No, sister, worthless he is not; and must I then despise him whom I hate? Hate! Indeed, sometimes I can hate him—sometimes, when the Spanish spirit possesses me. Lately, oh! lately, when we met him, his look wrought full, warm love in me! And as I again came home, and his manner recurred to me, and the calm, cold glance that he cast over me, while beside the brilliant Donna; then I became a Spaniard in my heart, and seized my dagger and poison, and disguised myself. Are you amazed, Buenco? All in thought only, of course!

Sophie.

Foolish girl!

Marie.

My imagination led me after him. I saw him as he lavished all the tenderness, all the gentleness at the feet of his new love—the charms with which he poisoned me—I aimed at the heart of the traitor! Ah! Buenco!—all at once the good-hearted French girl was again there, who knows of no love-sickness, and no daggers for revenge. We are badly off! Vaudevilles to entertain our lovers, fans to punish them, and, if they are faithless?—Say, sister, what do they do in France when lovers are faithless?

Sophie.

They curse them.

Marie.

And—

Sophie.

And let them go their ways.

Marie.

Go!—and why shall I not let Clavigo go? If that is the French fashion, why shall it not be so in Spain? Why shall a Frenchwoman not be a Frenchwoman in Spain? We will let him go and take to ourselves another; it appears to me they do so with us too.

Buenco.

He has broken a sacred promise, and no light love-affair, no friendly attachment. Mademoiselle, you are pained, hurt even to the depths of your heart. Oh! never was my position of an unknown, peaceful citizen of Madrid so burdensome, so painful as at this moment, in which I feel myself so feeble, so powerless to obtain justice for you against the treacherous courtier!

Marie.

When he was still Clavigo, not yet recorder of the king; when he was the stranger, the guest, the new-comer in our house, how amiable was he, how good! How all his ambition, all his desire to rise, seemed to be a child of his love!
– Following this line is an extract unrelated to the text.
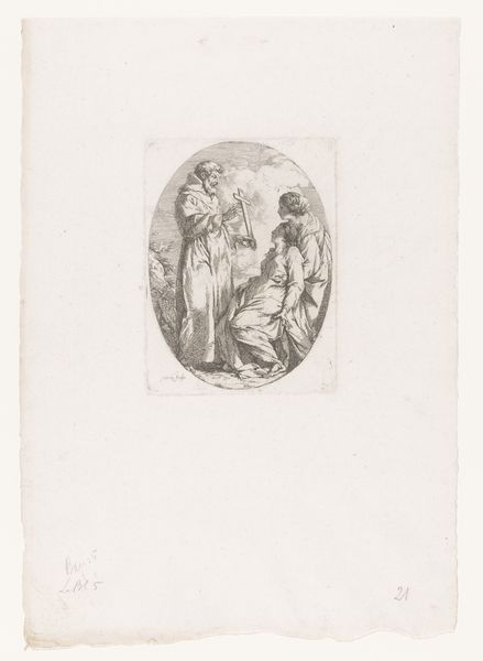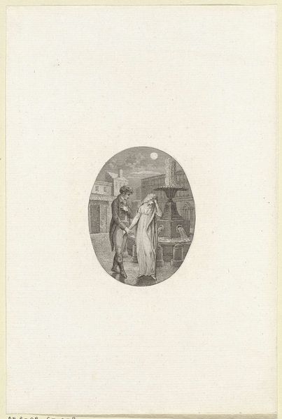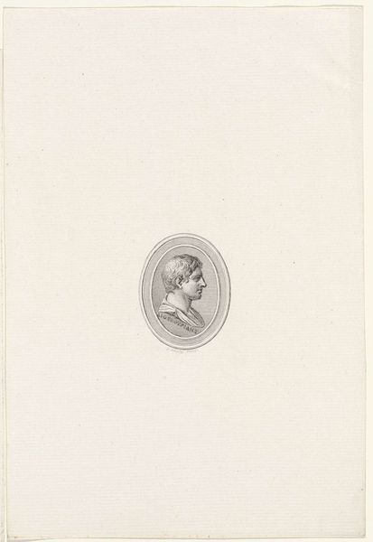 Editor: Here we have "Head of a Woman with Veil and Garland of Flowers," created around 1809 by Reinier Vinkeles. It’s a pencil and engraving drawing showcased at the Rijksmuseum. I am really intrigued by how delicate the lines are in the portrait, and how much empty space is around it. How would you interpret the piece? Curator: This seemingly simple portrait provides a window into the social and cultural ideals of the Romantic era. The woman, adorned with flowers and a veil, embodies a popular trope—an idealized version of femininity. But let's think critically: what role does this portrayal play within the larger political landscape of the time? Editor: That's interesting! I hadn't considered a political reading of it. Curator: These seemingly innocent images circulated widely, shaping public perception of beauty and virtue. Remember, the Napoleonic era significantly altered social structures across Europe, and art became a crucial tool for reinforcing or even challenging existing power dynamics. Does the oval frame suggest any connections with other artistic or political objects from that time period? Editor: Now that you mention it, the oval frame reminds me of cameo portraits, often used to depict royalty! Was this drawing meant to portray the sitter as someone of elevated status? Curator: Exactly. And what does it tell us that the artist used such subtle and fragile material? Could the medium used say something about the role of art and artists? Editor: The pencil and engraving could mean this portrait was reproducible, something that many could view... Thanks for pointing out that these depictions, seemingly straightforward, carry intricate messages reflecting societal power dynamics. Curator: Precisely. Reflecting on how this image participates in broader social and political discourse offers new meaning, as an artwork should.

For me, he struggled for name, rank, fortune; he has all now, and I!—

Guilbertcomes.

Guilbert.

(Privately to his wife.) Our brother is coming!

Marie.

My brother! (She trembles; they conduct her to a seat.) Where? where? Bring him to me! Take me to him!

Beaumarchaiscomes.

Beaumarchais.

My sister! (Quitting the eldest to rush towards the youngest.) My sister! My friends! Oh, my sister!

Marie.

Is it you indeed? God be thanked it is you!

Beaumarchais.

Let me come to myself.

Marie.

My heart!—my poor heart!

Sophie.

Be calm! Dear brother, I hoped to see you more tranquil.

Beaumarchais.

More tranquil! Are you, then, tranquil? Do I not behold in the wasted figure of this dear one, in your tearful eyes, your sorrowful paleness, in the dead silence of your friends, that you are as wretched as I have imagined you to be during all the long way? and more wretched; for I see you, I hold you in my arms; your presence redoubles my sufferings. Oh, my sister!

Sophie.

And our father?

Beaumarchais.

He blesses you and me, if I save you.

Buenco.

Sir, permit one unknown who, at the first look, recognizes in you a noble, brave man, to bear witness to the deep interest which all this matter inspires in me. Sir, you undertake this long journey to save, to avenge your sister! Welcome! be welcome as a guardian angel, though, at the same time, you put us all to the blush!

Beaumarchais.

I hoped, sir, to find in Spain such hearts as yours; that encouraged me to take this step. Nowhere, nowhere in the world are feeling, congenial souls wanting, if only one steps forward whose circumstances leave him full freedom to carry his courage through. And oh, my friends, I feel full of hope! Everywhere there are men of honor among the powerful and great, and the ear of majesty is rarely deaf; only our voice is almost always too weak to reach to their height.

Sophie.

Come, sister! come, rest a moment. She is quite beside herself.

[They lead her away.

Marie.

My brother!

Beaumarchais.

God willing, if you are innocent, then all, all vengeance on the traitor! (ExeuntMarieandSophie.) My brother!—my friends!—I see it in your looks that you are so. Let me come to myself, and then!—a pure, impartial recital of the whole story. This must determine my actions. The feeling of a good cause shall confirm my courage; and, believe me, if we are right, we shall get justice.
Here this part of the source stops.